Comme on pouvait s’en douter, le groupe n’est pas spécialisé dans le tango mais plutôt dans l’ultraviolence. Un mélange de noisy, de black metal, et de grindcore qui n’est pas sans rappeler Unsane ou Mayhem selon les moments. Tout cela est d’une efficacité redoutable et nous laisse pantois, sonnés ! La journée commence bien.
Allez, on bouge un peu et on va de l’autre côté, au nouvel endroit où se trouve La Valley. On tombe pile sur Bongripper. Là encore, inconnu au bataillon. Tout ce que l’on sait c’est que le groupe de Chicago fait dans le doom instrumental depuis plus de 10 ans. On se demande ce que ça peut donner et… c’est franchement bon ! Quasiment reposant.
Une sorte d’ovni au milieu du festival, même si leur musique alterne entre le très lourd et plus léger. Certains passages, ultra mélodiques, pourraient faire d’excellentes musiques de films. La comparaison avec les instrumentaux de Nine Inch Nails n’est pas infondée, même si ceux de Trent Reznor comportent beaucoup plus d’électronique. Ce concert ne nous laisse pas indemnes. Bongripper est certainement une des meilleures découvertes de ce festival.
Après ce moment de pur bonheur, on part voir une des têtes d’affiches de la journée : Skid Row. Le groupe de hard rock des années 80 et 90, spécialisé dans le glam et les power ballads, apporte du gros son, joue ses tubes tels que 18 And Life, I Remember You et Youth Gone Wild.
Erik Grönwall, le nouveau chanteur intégré en 2022 fait le job. Il a de la présence, un sourire carnassier, mais il lui manque la présence du canadien Sebastian Bach, chanteur originel et charismatique du groupe, viré en 1996 car ingérable. Les cinq américains du New Jersey livrent un show honnête, propre, sans fioritures mais qui manque un peu de passion.
Des bonnes surprises
Quelques minutes plus tard, débarque Motionless In White. Le quintet de Pennsylvanie n’est pas là pour déconner.
Dès les premières notes de Disguise, on comprend qu’on va s’en prendre plein la tête. Ces gars-là ont en eux une rage folle furieuse. Le chanteur, Chris «Motionless» Cerulli, casquette noire, gants noirs et sapé comme s’il était en Alaska, harangue la foule en donnant l’impression de vouloir casser la gueule à chacun d’entre nous. Les quatre autres seraient à ses côtés pour l’encourager, toujours plus violemment.

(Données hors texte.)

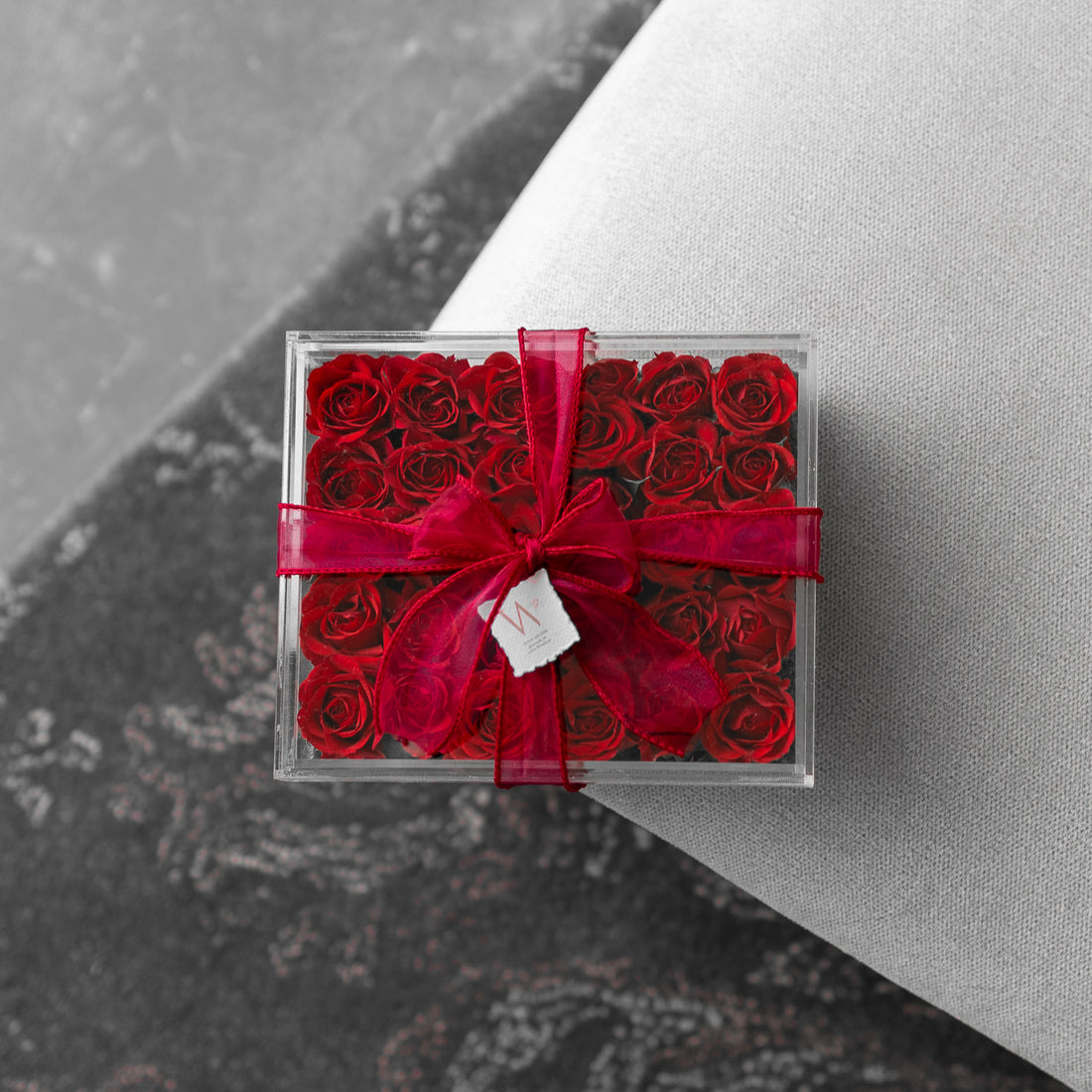 This exquisite arrangement features 35 Premium Red Roses, paired with Skimmia Red for a gracefully...

Le concert alterne entre nu-metal, des instants légèrement plus calmes, assez indus comme le morceau Cyberex, ou de pure violence comme le morceau Slaughterhouse sur lequel la foule pogotte follement, lorsqu’elle ne fait pas un circle pit géant. Comme dirait mon acolyte du jour : « Dis donc, c’est vachement bien ça ». Ces cinquante minutes de concert sont passées beaucoup trop vite. Motionless In White décroche assurément la palme de la prestation du jour.

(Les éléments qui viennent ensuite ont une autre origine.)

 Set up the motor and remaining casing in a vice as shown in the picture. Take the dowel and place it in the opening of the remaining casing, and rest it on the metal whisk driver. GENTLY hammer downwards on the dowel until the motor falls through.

On enchaîne avec un tout autre genre : Aborted. Les belges spécialisés dans le Death Metal fracassant depuis plus de 25 ans sont à bloc. Malgré quelques remarques du chanteur Sven de Caluwé trouvant manifestement le public trop mou au début du set, le quatuor assure une belle performance d’une violence exceptionnelle qui réussit à retourner tout le monde en cinquante minutes. C’est dur, fou, ça laisse le public essoufflé et sans voix. Franchement, chapeau !
Un bon début de soirée
« Bon, on va boire un coup ! » Sage conseil du jeune homme auquel je réponds immédiatement favorablement. On se remet lentement et on part voir Def Leppard. Est-il encore besoin de présenter le groupe aux plus de 100 millions d’albums vendus ? Le groupe de Sheffield, qui tourne depuis plus de 40 ans, assure pendant 1h30 un show de grande qualité même si c’est assez calme, avec tout de même un gros son.
Les cinq musiciens semblent ravis d’être là et le chanteur Joe Elliott, 63 piges au compteur, grand sourire aux lèvres, enchaîne brillamment les titres de différentes époques comme Let’s Get Rocked, Kick, Pour Some Sugar On Me. Pendant les morceaux Hysteria et Photograph, nombre de photos et vidéos sont diffusées en arrière-plan pour retracer la très riche carrière du groupe. Comme une impression d’au revoir définitif avec le groupe remerciant chaleureusement le public qui l’acclame fortement et sincèrement.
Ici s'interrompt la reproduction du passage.